I got married there some and I have very bad memory.
We wanted a small wedding and already there with one child and another on the way, we decided to get married shortly after announced. For 40 people, we knew that preparations were not going to take us a year.
My stepmother at first was very happy and very invested. She wanted us to buy lots of things and told me that if it was only a question of money, it was not a problem.
But we knew that with the rental of the room, everything would be included (dishes, dishes ...). We did not want that to 1000 euros, all inclusive (outfits, meals, alliances, room rental ...) because, for us, the importance of this day was not to to impress diners but to share a good time.
My mother in law has moved away more preparations as she saw that we did not want a ceremony with great pomp. In the end, it is completely disinterested. She was not even looking when I showed him our last shopping for decoration and always recoiled date to pick the costume of my husband. We have taken advantage of balances to find him a nice suit (one month before the wedding, it was time!).
Moreover, stepmother, who is a seamstress, was unable to care for retouching of my dress the day before the wedding. My dress was accompanied by a stole which was slightly pleated at the time of fitting. So I told him that I would spend an iron shot. She said she would take care of the home and that it would file my witness.
My witness had offered to make cakes as a wedding gift. My stepmother, dropping the dress home, was disturbed in full realization of its cakes and has noticed that she is not bothered that the cakes were not complicated. My friend, despite the nervousness, remained very polite and offered him coffee. At this time, stepmother began to tell him everything she had on the heart about marriage: that we were going too fast, it was anything ...
Marriage in the morning, my parents came to help us to prepare for my mother we had put together a cold buffet. Stepmother, which went to his little turn, knew nothing do besides criticize the organization. My mother was holding the slap because she did not want to spoil this day.
At 11 am, we prepared with my friend, along with my other witness 30 minutes before leaving, I finally discovered my dress. I'm not even sure she really touched this dress: my crumpled scarf was wrapped around the handlebars. We had to wash it in fourth gear, dry it with a hair dryer and ironing board.

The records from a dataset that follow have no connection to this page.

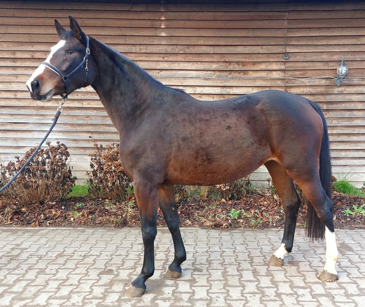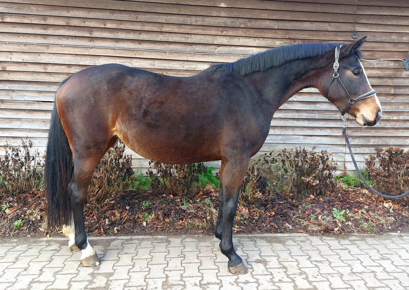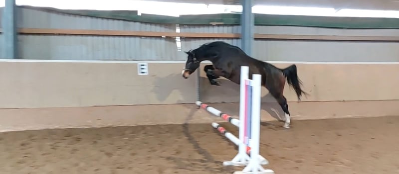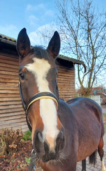 Cansy ist eine liebenswerte, Menschen zugewandte Stute, die leider mit nur einem ausgebildeten Auge zur Welt kam. Sie ist bei uns im Herdenverband groß geworden und stand noch bis späten Herbst 24/7 draußen. Im Umgang zeigt sie sich unkompliziert, man merkt kaum, dass sie auf einer Seite blind ist. Kleine Freispringtests zeigen, dass sie daran Freude hat und Talent zeigt. Alle drei Grundgangarten sind gut. Hier kann sich jemand für kleines Geld ein gutes Pferd zum Selbstausbilden ergattern. Ihr Vater Chellci Orange ist aktuell 8-jährig und bereits erfolgreich bis 1,45 m. Ein Halbbruder v. Million Dollar ist in den USA gekört und hat seinen Sporttest mit 8er Noten in der Rittigkeit und dem Springvermögen abgeschlossen (Foto 5). Viele weitere Sport- und Freizeitpartner aus der Mutterlinie. Bei Fragen/Interesse können Sie sich jederzeit melden. Anruf: 01713234455 WhatsApp: 01607560041
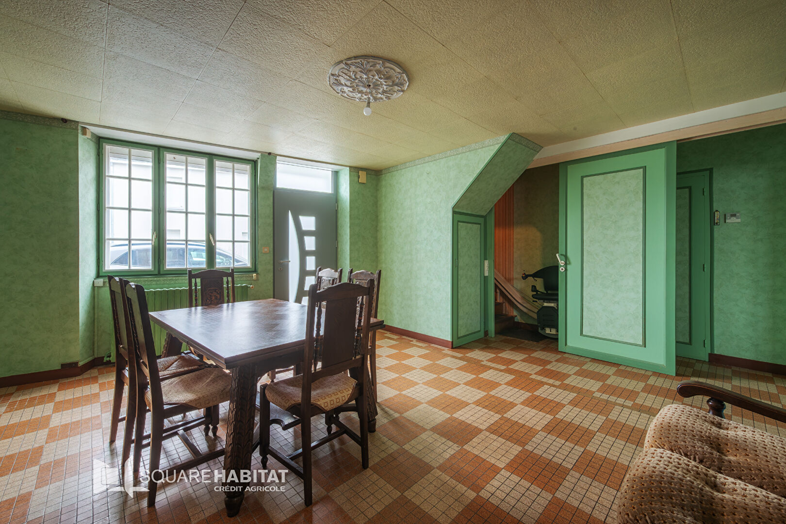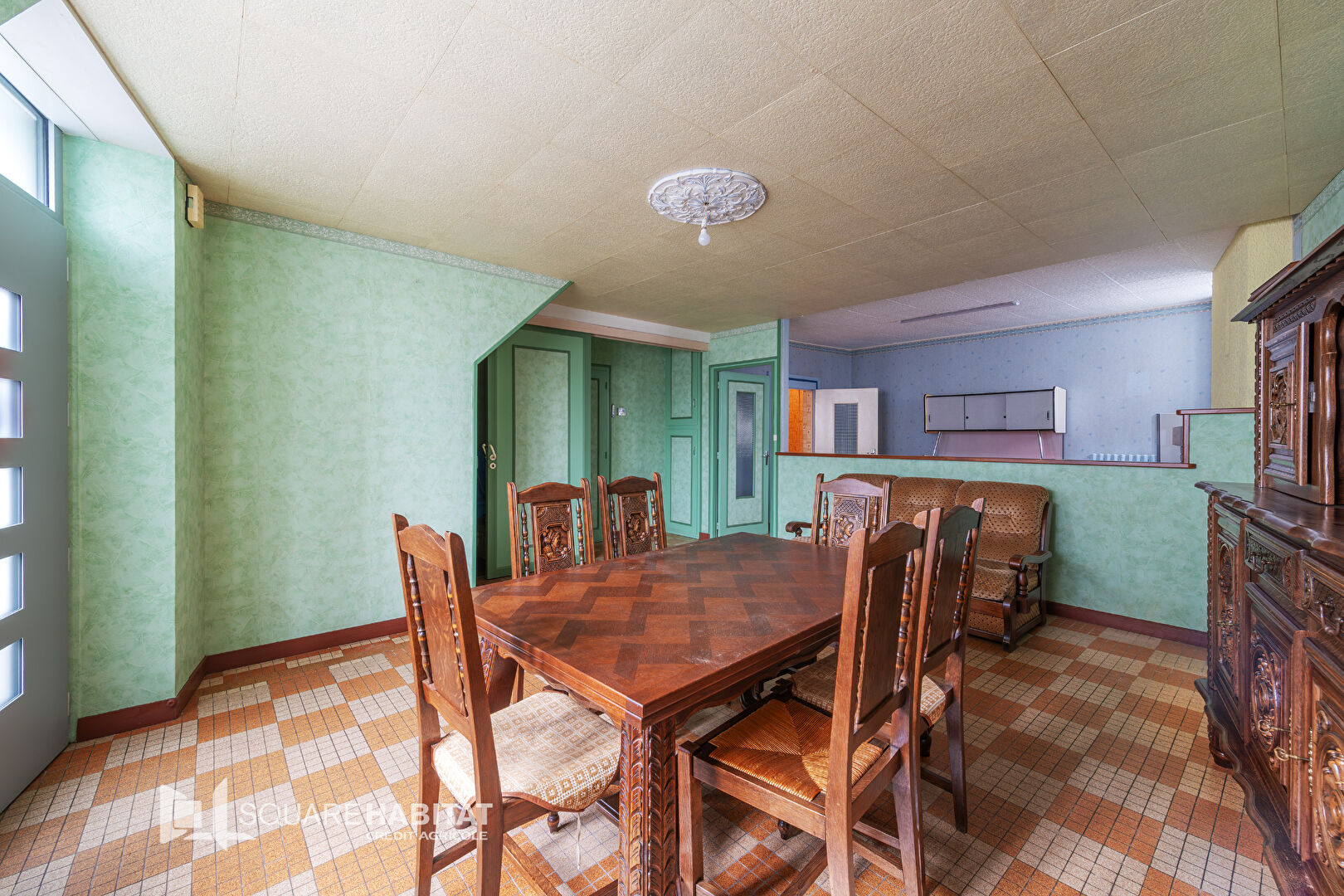 Exclusivité Square Habitat Châteaubriant. Découvrez cette maison de 95 m² environ située en plein coeur du bourg, offrant un grand salon séjour de 37 m² environ convivial au rez-de-chaussée, une cuisine, un cellier et wc.
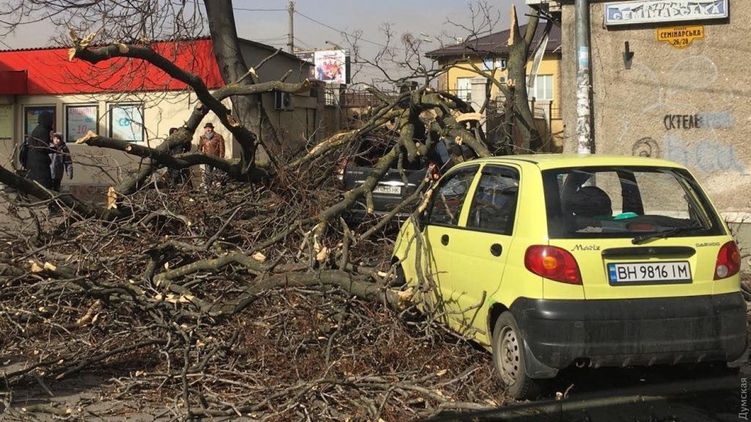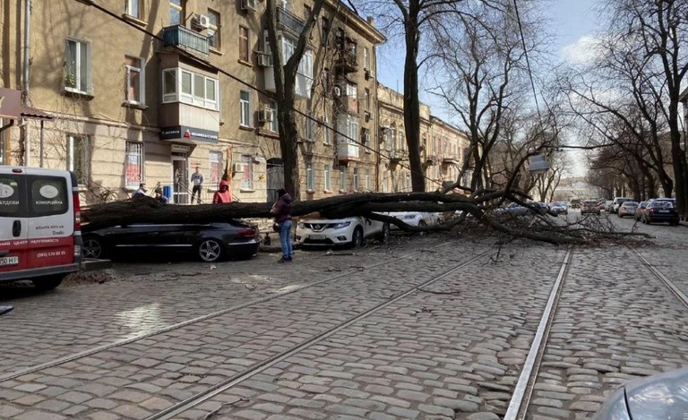 В то же время местные журналисты из "Думской", на улице Космонавтов два дерева рухнули на проезжую часть, заблокировав движение. А на Большом Фонтане сорвало конструкцию остановочного комплекса. Шквальный ветер бросил ее на парковку местного торгового центра: в результате повреждено несколько автомобилей.
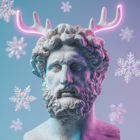 Greek bust adorned with reindeer antlers creates a playful holiday scene in a winter wonderland

Throughout the evening, my mother did not let a word. She did not even helped anything.
The next day she came eating and do not help us to store. She told me that it was a shame to end on Sunday at 16h and that if I was tired, I had to go to bed and let others continue to party: "you wanted absolutely pregnant marry it must now assume. "
And, of course, not even a gift or a card, or a financial contribution. Which old witch!
I learned later that she had never loved me and had done everything that I keep a bad memory of my marriage. Today, my husband hardly speaks more to his mother.